_Dataset_
* * *

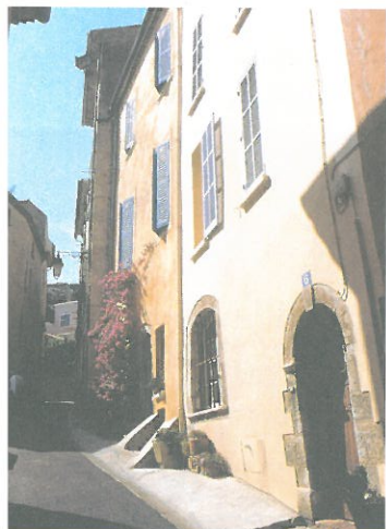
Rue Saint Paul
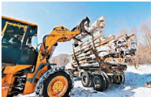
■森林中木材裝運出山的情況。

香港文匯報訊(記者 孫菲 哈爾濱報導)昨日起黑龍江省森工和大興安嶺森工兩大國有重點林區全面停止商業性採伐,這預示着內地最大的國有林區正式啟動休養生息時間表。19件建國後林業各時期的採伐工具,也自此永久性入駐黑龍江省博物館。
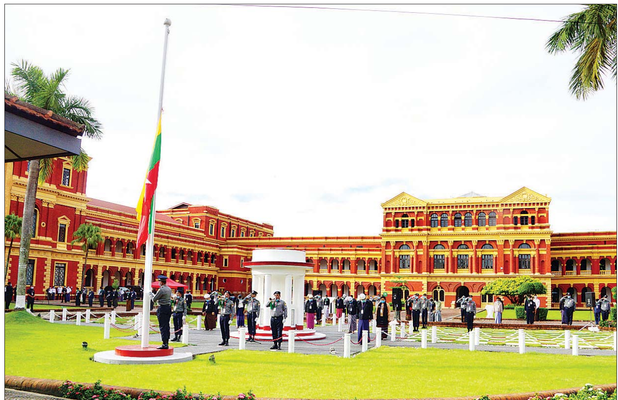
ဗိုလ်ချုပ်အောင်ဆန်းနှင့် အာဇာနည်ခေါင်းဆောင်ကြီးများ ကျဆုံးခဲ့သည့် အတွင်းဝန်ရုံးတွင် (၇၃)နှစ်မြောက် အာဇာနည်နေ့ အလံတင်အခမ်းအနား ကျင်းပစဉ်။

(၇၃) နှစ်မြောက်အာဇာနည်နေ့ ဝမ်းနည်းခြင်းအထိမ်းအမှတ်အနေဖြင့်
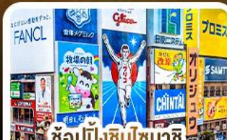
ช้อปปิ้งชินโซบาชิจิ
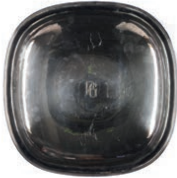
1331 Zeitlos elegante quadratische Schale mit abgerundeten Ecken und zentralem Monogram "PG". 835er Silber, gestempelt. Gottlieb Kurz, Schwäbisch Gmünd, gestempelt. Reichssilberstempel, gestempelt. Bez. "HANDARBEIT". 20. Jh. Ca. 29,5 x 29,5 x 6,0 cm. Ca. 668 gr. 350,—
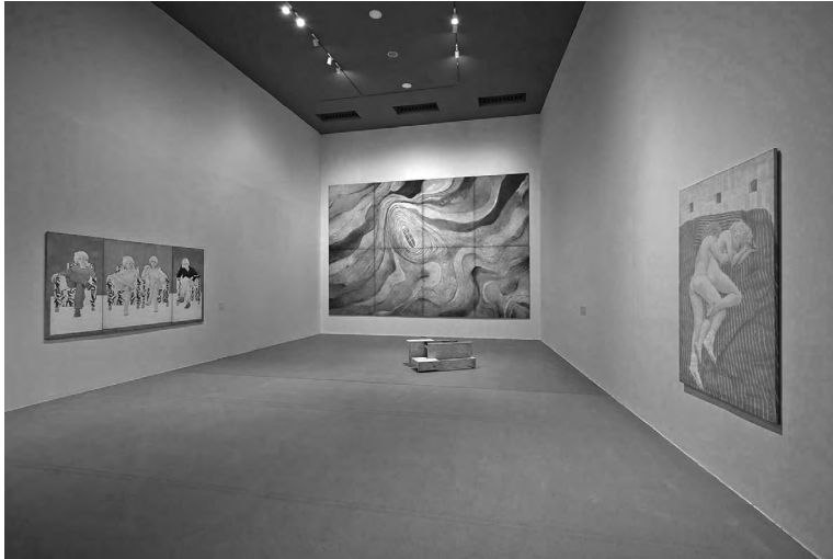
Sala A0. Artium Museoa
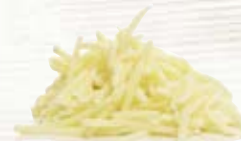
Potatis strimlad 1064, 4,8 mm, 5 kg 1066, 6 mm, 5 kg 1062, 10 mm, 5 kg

* * *

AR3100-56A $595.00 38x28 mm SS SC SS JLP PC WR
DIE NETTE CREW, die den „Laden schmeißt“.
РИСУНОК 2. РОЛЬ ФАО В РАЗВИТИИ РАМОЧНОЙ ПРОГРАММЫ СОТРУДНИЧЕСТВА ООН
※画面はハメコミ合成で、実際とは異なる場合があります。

* * *

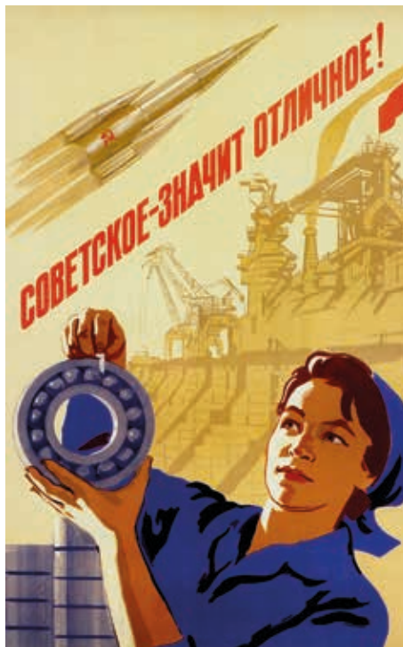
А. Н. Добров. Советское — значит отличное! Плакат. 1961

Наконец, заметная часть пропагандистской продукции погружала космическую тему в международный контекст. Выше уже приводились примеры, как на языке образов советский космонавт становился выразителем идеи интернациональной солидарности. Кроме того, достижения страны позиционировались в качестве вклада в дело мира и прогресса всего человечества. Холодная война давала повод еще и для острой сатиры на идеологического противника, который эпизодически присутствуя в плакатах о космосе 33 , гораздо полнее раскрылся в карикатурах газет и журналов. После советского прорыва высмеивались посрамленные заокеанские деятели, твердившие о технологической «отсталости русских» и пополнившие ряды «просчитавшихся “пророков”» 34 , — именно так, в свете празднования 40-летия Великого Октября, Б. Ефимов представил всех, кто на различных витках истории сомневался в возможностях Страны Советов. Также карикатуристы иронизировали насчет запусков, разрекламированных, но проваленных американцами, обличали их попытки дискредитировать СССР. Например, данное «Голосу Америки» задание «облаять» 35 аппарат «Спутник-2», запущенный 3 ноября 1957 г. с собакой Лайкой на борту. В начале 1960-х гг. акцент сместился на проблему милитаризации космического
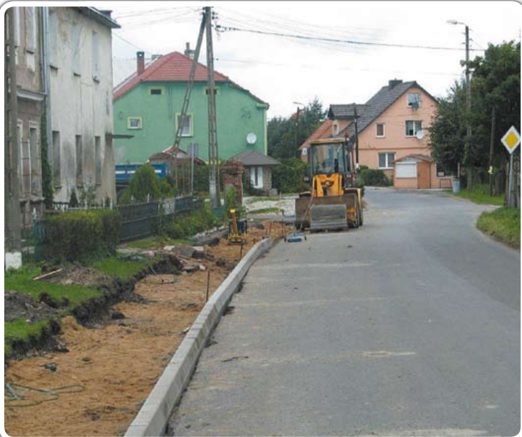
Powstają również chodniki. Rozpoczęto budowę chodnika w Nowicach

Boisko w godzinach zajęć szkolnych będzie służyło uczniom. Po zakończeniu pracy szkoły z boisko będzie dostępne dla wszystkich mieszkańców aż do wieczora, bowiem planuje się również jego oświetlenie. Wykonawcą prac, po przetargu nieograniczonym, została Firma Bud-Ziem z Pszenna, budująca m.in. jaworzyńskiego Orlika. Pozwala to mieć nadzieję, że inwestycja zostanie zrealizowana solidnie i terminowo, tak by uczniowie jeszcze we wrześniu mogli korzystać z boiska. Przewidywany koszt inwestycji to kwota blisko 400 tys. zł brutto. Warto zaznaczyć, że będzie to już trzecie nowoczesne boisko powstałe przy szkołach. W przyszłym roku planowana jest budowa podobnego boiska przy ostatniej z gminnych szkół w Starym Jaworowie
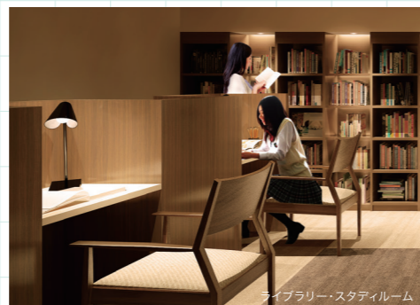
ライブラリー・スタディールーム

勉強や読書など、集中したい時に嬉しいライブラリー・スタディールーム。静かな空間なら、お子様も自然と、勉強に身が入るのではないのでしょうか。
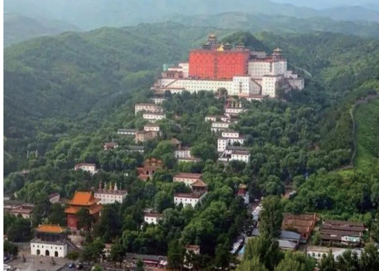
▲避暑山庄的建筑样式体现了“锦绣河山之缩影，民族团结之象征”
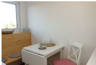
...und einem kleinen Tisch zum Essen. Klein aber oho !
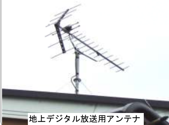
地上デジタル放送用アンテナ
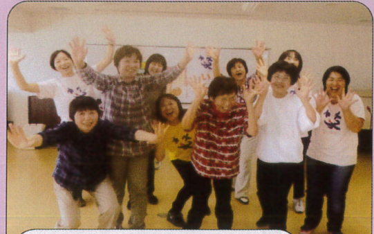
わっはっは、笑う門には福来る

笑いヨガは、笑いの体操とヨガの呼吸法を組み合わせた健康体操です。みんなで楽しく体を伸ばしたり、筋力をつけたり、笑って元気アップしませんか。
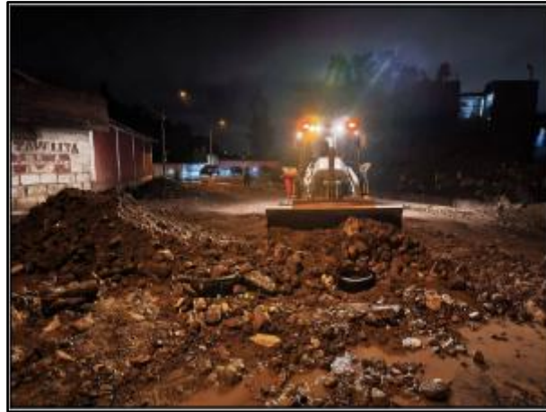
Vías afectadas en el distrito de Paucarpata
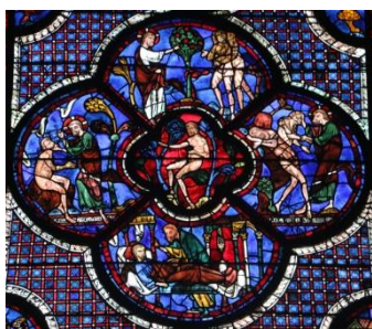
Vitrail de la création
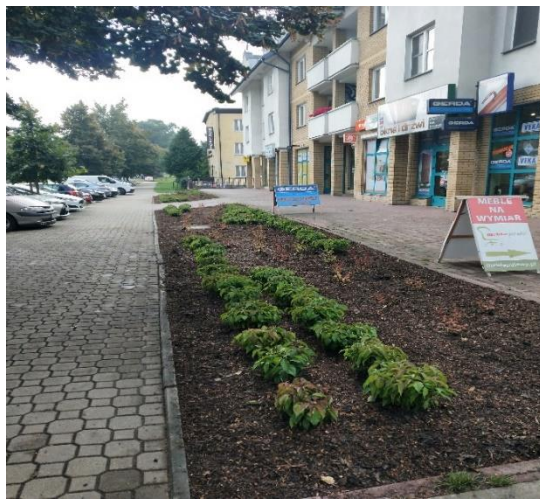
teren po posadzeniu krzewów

* * *

_What the task requires_
Set down, exactly as written above, each line from the one with "(၇၃) နှစ်မြောက်အာဇာနည်နေ့ ဝမ်းနည်းခြင်းအထိမ်းအမှတ်အနေဖြင့်" through the one with "Potatis strimlad 1064, 4,8", and skip the pictures.

_Task response_
(၇၃) နှစ်မြောက်အာဇာနည်နေ့ ဝမ်းနည်းခြင်းအထိမ်းအမှတ်အနေဖြင့်
ช้อปปิ้งชินโซบาชิจิ
1331 Zeitlos elegante quadratische Schale mit abgerundeten Ecken und zentralem Monogram "PG". 835er Silber, gestempelt. Gottlieb Kurz, Schwäbisch Gmünd, gestempelt. Reichssilberstempel, gestempelt. Bez. "HANDARBEIT". 20. Jh. Ca. 29,5 x 29,5 x 6,0 cm. Ca. 668 gr. 350,—
Sala A0. Artium Museoa
Potatis strimlad 1064, 4,8 mm, 5 kg 1066, 6 mm, 5 kg 1062, 10 mm, 5 kg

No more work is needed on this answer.